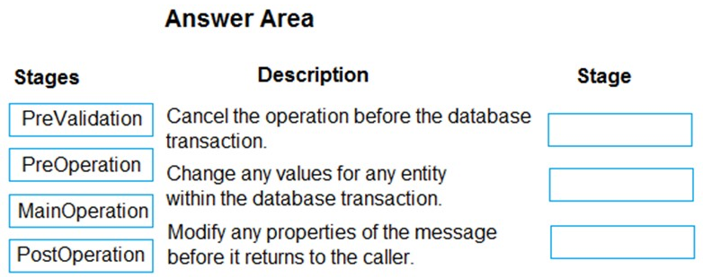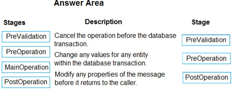 This provides an opportunity to include logic to cancel the operation before the database transaction. Box 2: PreOperation
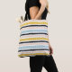 Beautiful tote bag with pattern of golden yellow, light blue, white, black and peach stripes.
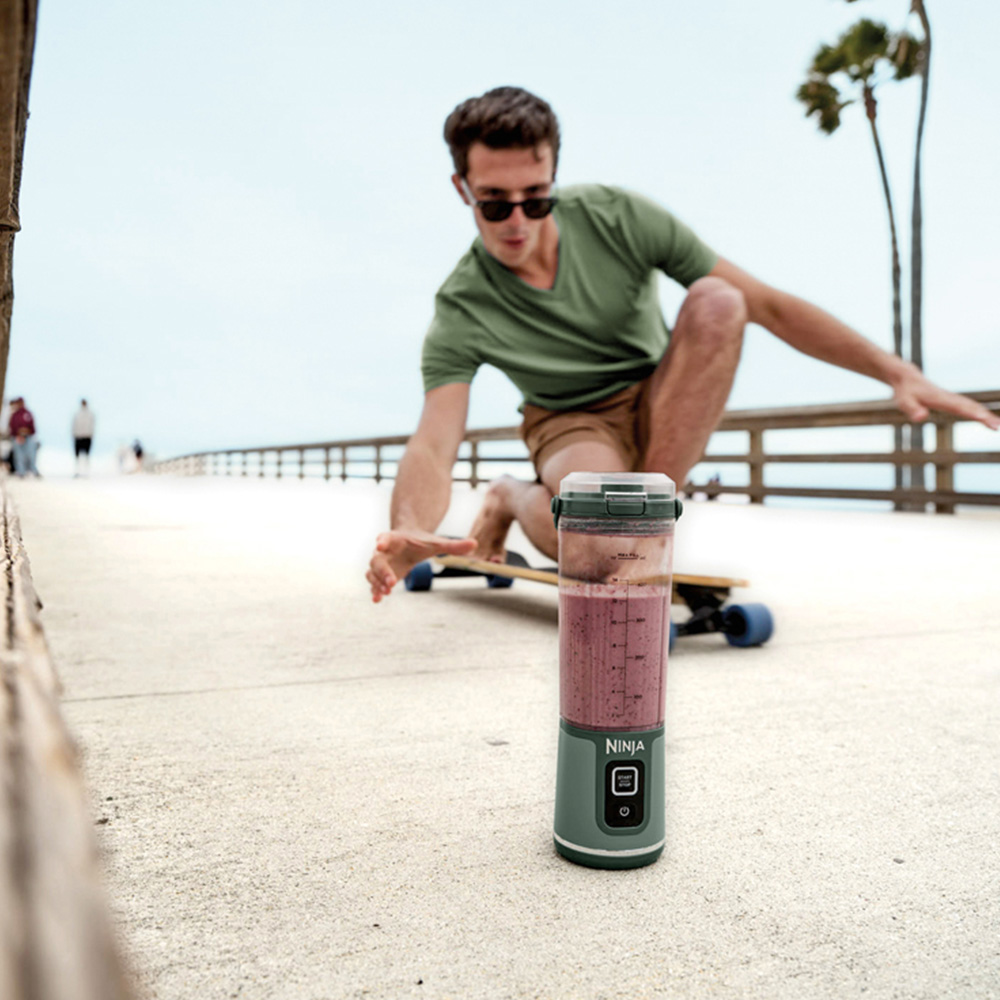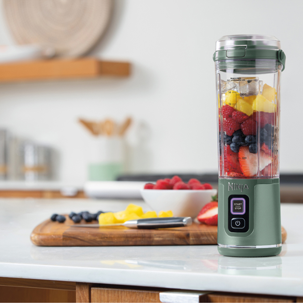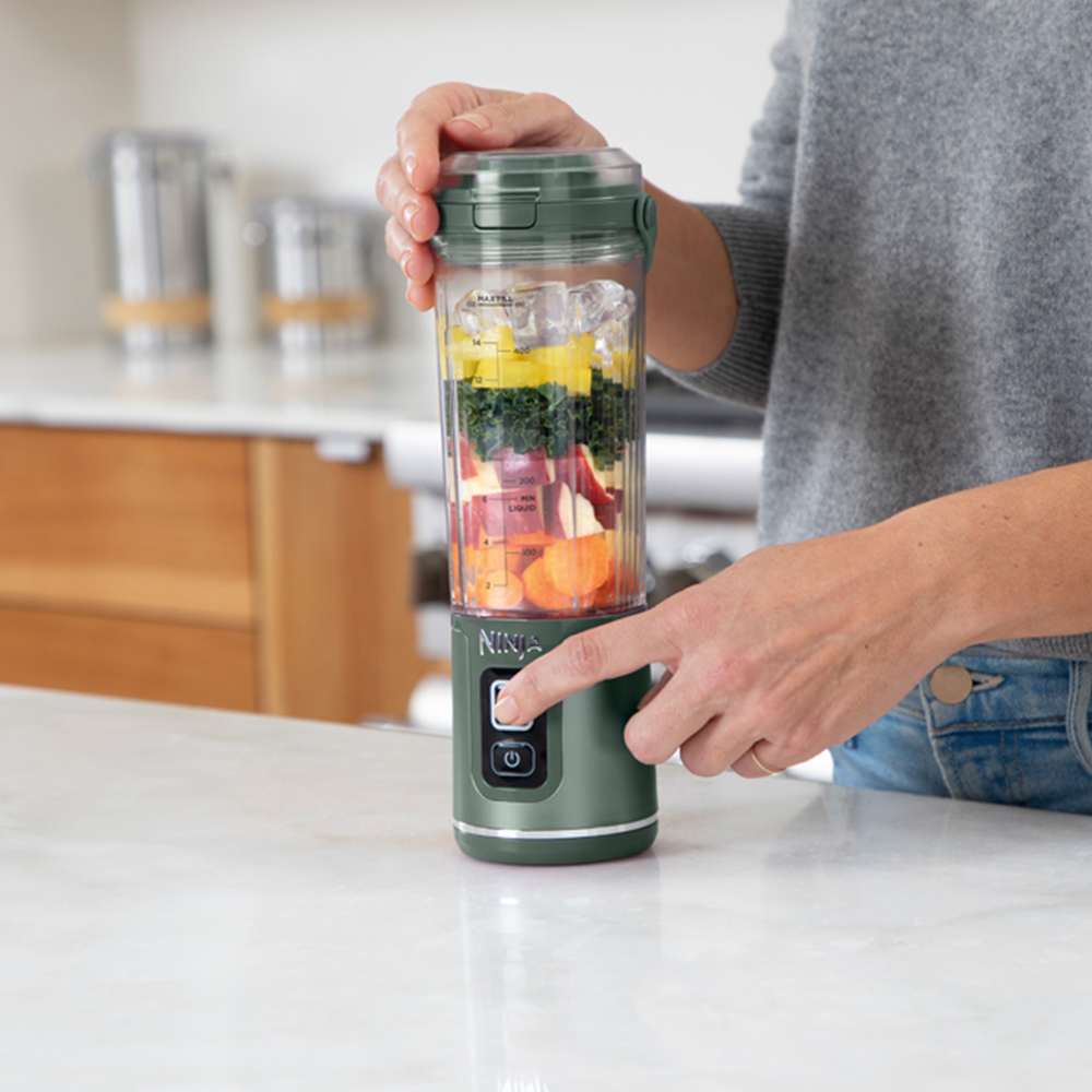 Blend on the go with the Ninja Blast BC151UKWH Forest Green 530ml Cordless Portable Blender. This ultra-compact, quiet blender is USB-C rechargeable, delivering over 10 blends on a single 2-hour charge. With Ninja Blast Technology, it powers through frozen ingredients, creating smoothies, protein shakes, iced cocktails, and more with ease. The ribbed cup and stainless steel Blastblade ensure smooth, consistent results every time. Leak-proof and portable with a hinged carry handle, this blender is perfect for workouts, travel, or outdoor gatherings. The BPA-free cup and lid are dishwasher safe. It includes a 2-year guarantee for added peace of mind. Use and Care: Simply add the cup and blade covers after blending for safe storage. For easy self-cleaning, just add water and a drop of washing-up liquid and run a 30-second blend cycle.
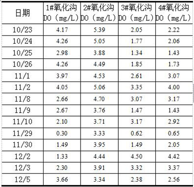 表3 各氧化沟实测DO数据
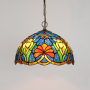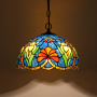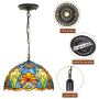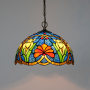 Blivuself Tiffany Style Stained Glass 12-Inch Blue Chandelier European And American Retro Garden Style Suitable For Living Room, Dining Room, Bedroom, Bar And Other Indoor Home Decoration 12-Inch Blue Red Flower - Regular Single Chain Chandelier OFP1160
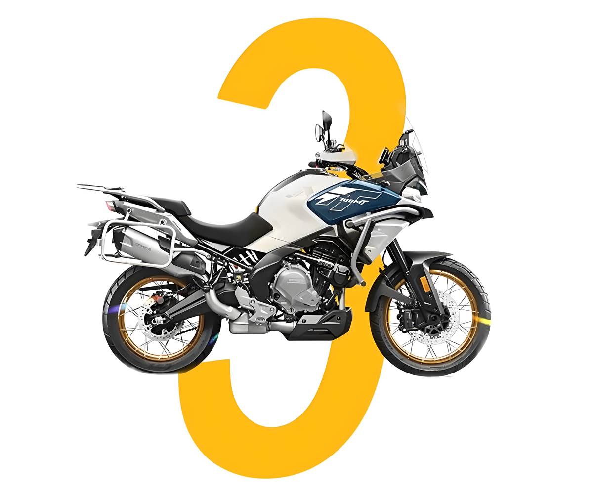 第一名:貝納利TRK552,配置滿配長途旅伴,市場定位精準,以約15-17萬新臺幣的價格,原廠直接搭載三箱、護桿、霧燈、加熱手把與加熱座椅等長途必備配置,出廠即滿配,省去後續改裝麻煩與額外花費。相較老款TRK502,新款加量不漲價,性價比拉滿,穩居人氣冠軍。
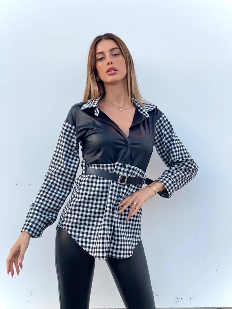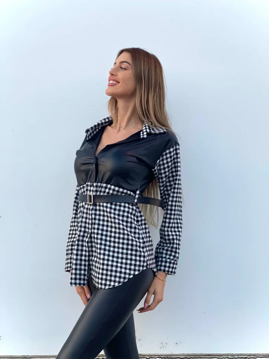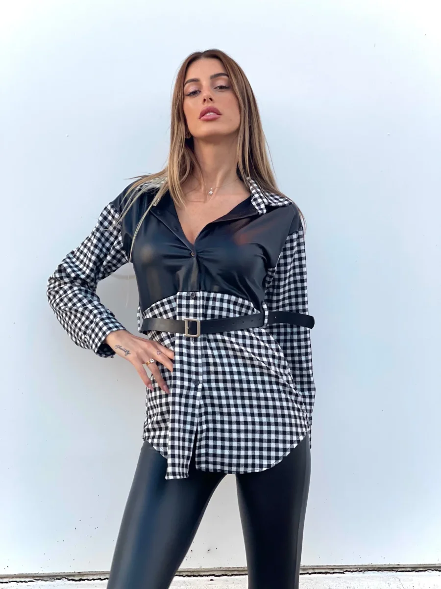 Camicione a quadri bianco e nero con dettagli in pelle. Cintura con D in color argento.
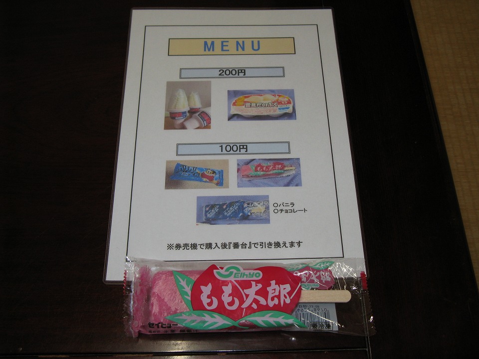 | ここでは、風呂上がりに「もも太郎」100円ナリを喰うのも楽しみなのだよ。 |
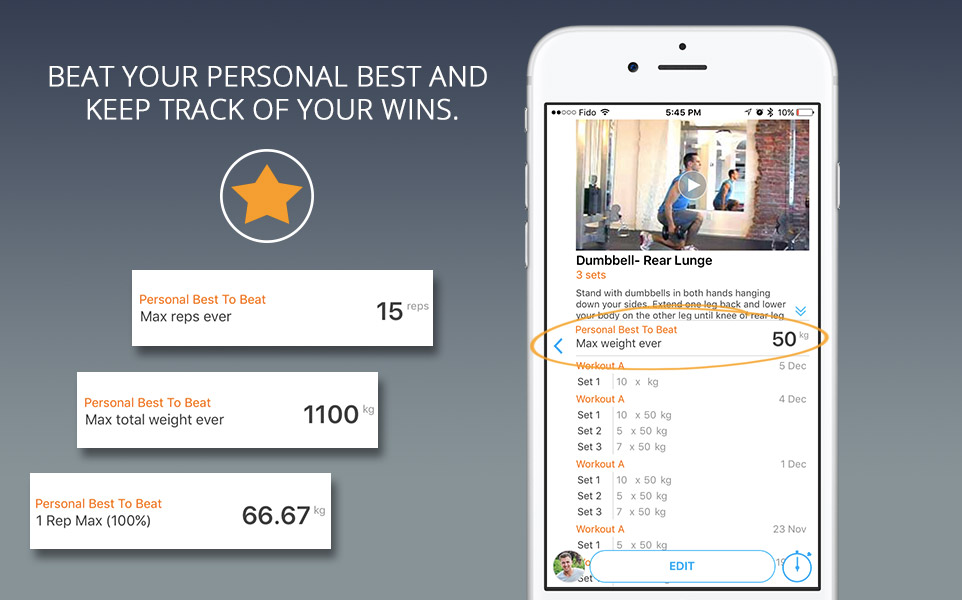 BEAT YOUR PERSONAL BEST. We are delighted to finally be able to track personal records for exercises! Trainers and clients can both view their best performance ever for an exercise – whether this means weight lifted or time performed. This feature is going to help keep your clients committed to tracking workouts with stats, and excited to try and maintain and exceed their best performance.
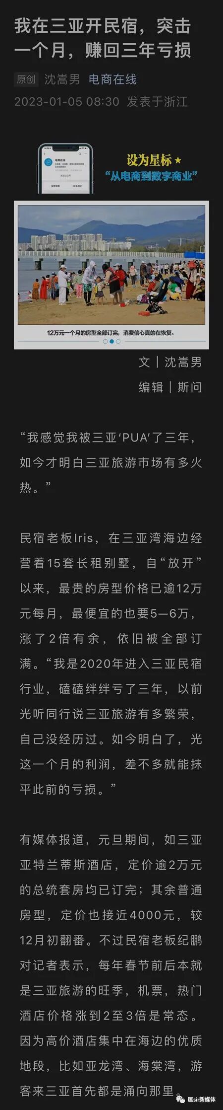 这两天被三亚酒店爆满,民宿爆满的,旅游火爆的新闻刷屏了,冬天的三亚确实很火,而且疫情三年,把人都憋疯了,刚一放开,三亚就被挤爆了。几万一晚的酒店都被抢空,民宿全部爆满,就连海滩上都躺满了晒太阳的喜羊羊们。近日一篇《我在三亚开民宿,突击一个月,赚回三年亏损》的文章火爆网络,文章作者:沈嵩男,文章写道:“民宿老板Iris,在三亚湾海边经营着15套长租别墅,自“放开”以来,最贵的房型价格已逾12万元每月,最便宜的也要5—6万,涨了2倍有余,依旧被全部订满。“我是2020年进入三亚民宿行业,磕磕绊绊亏了三年,以前光听同行说三亚旅游有多繁荣,自己没经历过。如今明白了,光这一个月的利润,差不多就能抹平此前的亏损。”

======

About this exercise
Your answer must be an exact copy of every entry, with no pictures in it.

Output below
 This provides an opportunity to include logic to cancel the operation before the database transaction. Box 2: PreOperation
 Beautiful tote bag with pattern of golden yellow, light blue, white, black and peach stripes.
 Blend on the go with the Ninja Blast BC151UKWH Forest Green 530ml Cordless Portable Blender. This ultra-compact, quiet blender is USB-C rechargeable, delivering over 10 blends on a single 2-hour charge. With Ninja Blast Technology, it powers through frozen ingredients, creating smoothies, protein shakes, iced cocktails, and more with ease. The ribbed cup and stainless steel Blastblade ensure smooth, consistent results every time. Leak-proof and portable with a hinged carry handle, this blender is perfect for workouts, travel, or outdoor gatherings. The BPA-free cup and lid are dishwasher safe. It includes a 2-year guarantee for added peace of mind. Use and Care: Simply add the cup and blade covers after blending for safe storage. For easy self-cleaning, just add water and a drop of washing-up liquid and run a 30-second blend cycle.
 表3 各氧化沟实测DO数据
 Blivuself Tiffany Style Stained Glass 12-Inch Blue Chandelier European And American Retro Garden Style Suitable For Living Room, Dining Room, Bedroom, Bar And Other Indoor Home Decoration 12-Inch Blue Red Flower - Regular Single Chain Chandelier OFP1160
 第一名:貝納利TRK552,配置滿配長途旅伴,市場定位精準,以約15-17萬新臺幣的價格,原廠直接搭載三箱、護桿、霧燈、加熱手把與加熱座椅等長途必備配置,出廠即滿配,省去後續改裝麻煩與額外花費。相較老款TRK502,新款加量不漲價,性價比拉滿,穩居人氣冠軍。
 Camicione a quadri bianco e nero con dettagli in pelle. Cintura con D in color argento.
 | ここでは、風呂上がりに「もも太郎」100円ナリを喰うのも楽しみなのだよ。 |
 BEAT YOUR PERSONAL BEST. We are delighted to finally be able to track personal records for exercises! Trainers and clients can both view their best performance ever for an exercise – whether this means weight lifted or time performed. This feature is going to help keep your clients committed to tracking workouts with stats, and excited to try and maintain and exceed their best performance.
 这两天被三亚酒店爆满,民宿爆满的,旅游火爆的新闻刷屏了,冬天的三亚确实很火,而且疫情三年,把人都憋疯了,刚一放开,三亚就被挤爆了。几万一晚的酒店都被抢空,民宿全部爆满,就连海滩上都躺满了晒太阳的喜羊羊们。近日一篇《我在三亚开民宿,突击一个月,赚回三年亏损》的文章火爆网络,文章作者:沈嵩男,文章写道:“民宿老板Iris,在三亚湾海边经营着15套长租别墅,自“放开”以来,最贵的房型价格已逾12万元每月,最便宜的也要5—6万,涨了2倍有余,依旧被全部订满。“我是2020年进入三亚民宿行业,磕磕绊绊亏了三年,以前光听同行说三亚旅游有多繁荣,自己没经历过。如今明白了,光这一个月的利润,差不多就能抹平此前的亏损。”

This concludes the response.